---
title: Indexing Repositories
sidebar_position: 3
---
import AiQuery from '@site/src/components/AiQuery';
# Indexing Repositories
This page covers everything you need to configure, run, and maintain a code
index with TeaRAGs.
## Environment Variables
All code-vectorization settings are controlled via environment variables passed
to the MCP server.
<details>
<summary>Indexing variables reference</summary>
| Variable | Description | Default |
| -------------------------- | ----------------------------------------------------------------------------------------------------------------------------------------- | ------- |
| `CODE_CHUNK_SIZE` | Maximum chunk size in characters. Larger values give more context per chunk; smaller values give more granular search results. | 2500 |
| `CODE_CHUNK_OVERLAP` | Overlap between adjacent chunks in characters. Prevents loss of context at chunk boundaries. | 300 |
| `CODE_ENABLE_AST` | Use AST-aware chunking (tree-sitter) instead of line-based splitting. Preserves semantic boundaries like functions, classes, and methods. | true |
| `CODE_BATCH_SIZE` | Number of chunks per embedding batch sent to the provider. Higher values improve throughput but increase memory usage. | 100 |
| `CODE_CUSTOM_EXTENSIONS` | Additional file extensions to index (comma-separated). Example: `.proto,.graphql,.prisma` | - |
| `CODE_CUSTOM_IGNORE` | Additional ignore patterns (comma-separated). Example: `**/*.generated.ts,**/dist/**` | - |
| `CODE_DEFAULT_LIMIT` | Default number of search results returned when the caller does not specify a limit. | 5 |
| `CODE_ENABLE_GIT_METADATA` | Enrich every chunk with git blame data: authors, commit count, code age, and task IDs extracted from commit messages. | false |
See also the full [Configuration Variables](/config/environment-variables) page for embedding,
Qdrant batch pipeline, and performance variables.
</details>
## How Chunking Works
TeaRAGs splits source files into **chunks** — self-contained code fragments that become individual vectors in the search index. The chunking strategy directly affects search quality: well-bounded chunks return precise, meaningful results; poorly split chunks return noisy, incomplete fragments.

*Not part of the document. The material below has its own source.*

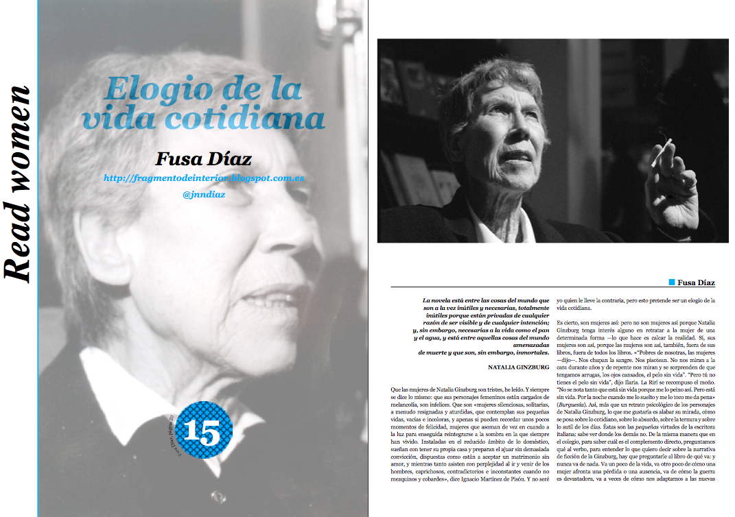 Que las mujeres de Natalia Ginzburg son tristes, he leído. Y siempre se dice lo mismo: que sus personajes femeninos están cargados de melancolía, son infelices. Que son «mujeres silenciosas, solitarias, a menudo resignadas y aturdidas, que contemplan sus pequeñas vidas, vacías e incoloras, y apenas si pueden recordar unos pocos momentos de felicidad, mujeres que asoman de vez en cuando a la luz para enseguida reintegrarse a la sombra en la que siempre han vivido. Instaladas en el reducido ámbito de lo doméstico, sueñan con tener su propia casa y preparan el ajuar sin demasiada convicción, dispuestas como están a aceptar un matrimonio sin amor, y mientras tanto asisten con perplejidad al ir y venir de los hombres, caprichosos, contradictorios e inconstantes cuando no mezquinos y cobardes», dice Ignacio Martínez de Pisón. Y no seré yo quien le lleve la contraria, pero esto pretende ser un elogio de la vida cotidiana.Es cierto, son mujeres así: pero no son mujeres así porque Natalia Ginzburg tenga interés alguno en retratar a la mujer de una determinada forma —lo que hace es calcar la realidad. Sí, sus mujeres son así, porque las mujeres son así, también, fuera de sus libros, fuera de todos los libros. «"Pobres de nosotras, las mujeres —dijo—. Nos chupan la sangre. Nos pisotean. No nos miran a la cara durante años y de repente nos miran y se sorprenden de que tengamos arrugas, los ojos cansados, el pelo sin vida". "Pero tú no tienes el pelo sin vida", dijo Ilaria. La Rirí se recompuso el moño. "No se nota tanto que está sin vida porque me lo peino así. Pero está sin vida. Por la noche cuando me lo suelto y me lo toco me da pena» (Burguesía). Así, más que un retrato psicológico de los personajes de Natalia Ginzburg, lo que me gustaría es alabar su mirada, cómo se posa sobre lo cotidiano, sobre lo absurdo, sobre la ternura y sobre lo sutil de los días. Éstas son las pequeñas virtudes de la escritora italiana: sabe ver donde los demás no. De la misma manera que en el colegio, para saber cuál es el complemento directo, preguntamos qué al verbo, para entender lo que quiero decir sobre la narrativa de ficción de la Ginzburg, hay que preguntarle al libro de qué va: y nunca va de nada. Va un poco de la vida, va otro poco de cómo una mujer afronta una pérdida o una ausencia, va de cómo la guerra es devastadora, va a veces de cómo nos adaptamos a las nuevas realidades. Pero, en esencia, va de todo y de nada —un pueblo, una ciudad, mujeres, hombres, niños. No hay nada que sea más importante o menos, no ocurren grandes acontecimientos: todo es sobre lo invisible del día a día, las bromas sencillas de la vida familiar, lo íntimo de una mujer, pero también la tierna brusquedad del hombre. Natalia Ginzburg posee el don de ser indulgente con la pena, con la rutina, con la mediocridad. Es tan misericordiosa con el desorden y lo inútil, que lo convierte en extraordinario. Por eso se cierran los libros con la sensación de que nos han contado cualquier cosa y, en el fondo, está hueca la tal cosa —por eso el personaje se queda. No le importa que no haya un gran estruendo en medio de la novela que lo remueva todo y recoloque. No le importa lo lineal en la trama o en el personaje: todo lo que cuenta es un círculo que no se cierra nunca y que sigue girando incansable incluso sobre lo no descrito; es una enumeración de razones para seguir vivo.«Me caso con él por las siguientes razones, que he examinado atentamente una por una. Porque quiero tener hijos. Porque ya tengo treinta y tres años. Para dar una alegría a mi padre. Porque podré seguir ocupándome de mi casa hasta que mis hermanos crezcan, ya que mi casa y la de los Mazzeta sólo se encuentran separadas por un patio. Porque a nadie se le ha ocurrido nunca casarse conmigo y a Mazzeta sí. Porque es una buena persona. Siempre que mi padre le ha pedido dinero prestado se lo ha dado y nunca se ha enfadado porque no se lo devolviera, sino que ha seguido viniendo de vez en cuando a nuestra casa después de cenar a jugar a la escoba y a charlar con mi padre, y eso que charlar con él no es nada fácil, porque hay que repetirle las cosas un montón de veces. Porque soy pobre. Cuando me case no seré rica, pero seré menos pobre. Porque aquí, en Luco, llevo una vida muy dura y pienso, no sé si me equivoco, que cuando esté casada será más liviana.Nino Mazzeta se casa conmigo por las siguientes razones, que me ha enumerado una por una. Porque no le parezco fea. Porque soy de costumbres sencillas. Porque no le intimido, aunque yo sea licenciada en filología y él sólo haya estudiado hasta quinto de Básica. Su mujer muerta le intimidaba, aunque ella sólo hubiera estudiado hasta tercero de Básica. Era de carácter pendenciero y no fueron nada felices. Porque toco la flauta. Porque cocino mal y a él le gusta comer bien, pero piensa que con un libro de cocina aprenderé enseguida. Porque me conoce desde que era pequeña. Porque conoce bien a mi familia.También yo le conozco desde que era pequeña, pero a mí eso no me agrada demasiado. Me parece que tengo el futuro pegado a las suelas de los zapatos» (La casa y la ciudad).Así son, también, sus ensayos. Diría que el personaje femenino de Natalia Ginzburg no es triste, sino imperfecto y humano; de la misma manera que diría que el yo de Natalia Ginzburg, el de sus artículos y ensayos y relatos biográficos, es imperfecto y deliciosamente humano. De los escritores uno siempre espera, terrible error, que sepan de todo, y que sepan mucho. Se esperan grandes titulares, cierres con broche de oro, respuestas ingeniosas, alguna que otra cita y, a poder ser, una frase contundente que hable de la escritura, del proceso creativo. Otra de las pequeñas virtudes de la Ginzburg es precisamente que no necesita alardear. Y no sólo eso, sino que juega con las cartas descubiertas: nos muestra todas sus debilidades, sus carencias culturales, sus dudas,

### AST-Aware Chunking (default)
Enabled by default (`CODE_ENABLE_AST=true`). Uses [tree-sitter](https://tree-sitter.github.io/tree-sitter/) to parse the code into an Abstract Syntax Tree, then splits along **semantic boundaries** — functions, classes, methods, interfaces.
**Why it matters:**
- A function stays as one chunk, not split in the middle of a loop
- Class methods are extracted as individual chunks with parent class context preserved (`parentName`, `parentType` metadata)
- Comments and decorators stay attached to the code they describe
- Large classes are automatically decomposed: methods become individual chunks, non-method body code is extracted separately
**Two-level extraction:**
1. **Top-level nodes** — functions, classes, modules, interfaces are identified as chunk candidates
2. **Child extraction** — if a container (class/module) exceeds `2x CODE_CHUNK_SIZE`, its methods are extracted as individual chunks while preserving parent context in metadata
**Fallback:** If a language has no tree-sitter grammar, or a node is still too large after child extraction, TeaRAGs falls back to character-based splitting with overlap — trying to break at empty lines or closing braces.
:::tip
AST-aware chunking is the recommended mode for all code. Disable it (`CODE_ENABLE_AST=false`) only for plain-text or unstructured files where tree-sitter adds no value.
:::
### Embedding Dimensions
The embedding dimension is determined automatically based on your model — no configuration needed in most cases.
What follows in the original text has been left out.